Youtaek Jeon1 · HyungJun Cho2

12Department of Statistics, Korea University
Correspondence to: Professor, Department of Statistics, Korea University, 145, Anam-ro, Seongbukgu, Seoul 02841, Korea. E-mail: hj4cho@korea.ac.kr
This research was supported by a Korea University Grant(K1707561) and Basic Science Research Program through the National Research Foundation of Korea(NRF) funded by the Ministry of Education( 2018R1D1A1B07044479).
Received January 17, 2019; Revised April 5, 2019; Accepted April 12, 2019.

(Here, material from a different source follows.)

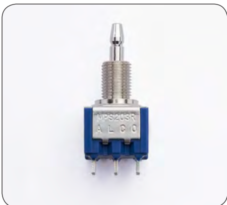
DPDT Wire Lug Silver
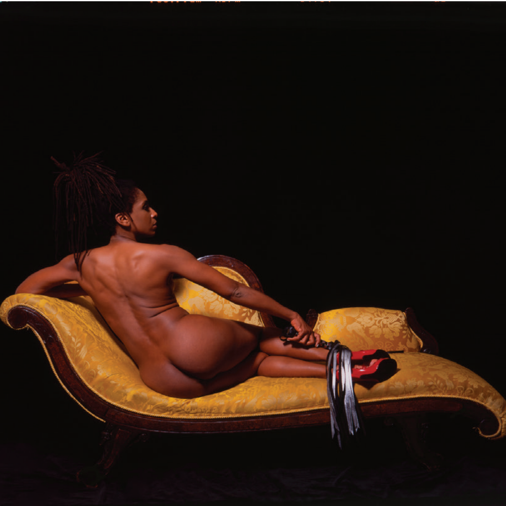
Renee Cox, Baby Back from "American Family," 2001, archival digital print, 30" x 40"

This is an Open Access article distributed under the terms of the Creative Commons Attribution Non-Commercial License (http://creativecommons.org/licenses/by-nc/3.0) which permits unrestricted non-commercial use, distribution, and reproduction in any medium, provided the original work is properly cited.
Abstract
Decision trees can categorize or predict target objects by dividing given predictor spaces into several simple rectangular spaces. Decision-making trees have the advantages of being easy to use, understand and explain. However, it tends to have relatively lower predictive accuracy than analysis methods with more complex decision boundaries, such as support vector machines. In this study, a decision tree methodology with flexible decision boundaries is proposed. The model based hybrid decision tree improves prediction accuracy by fitting a flexible decision boundary to each node. Furthermore, it reduces a tree size significantly.
Keywords : Data mining, decision tree, hybrid model.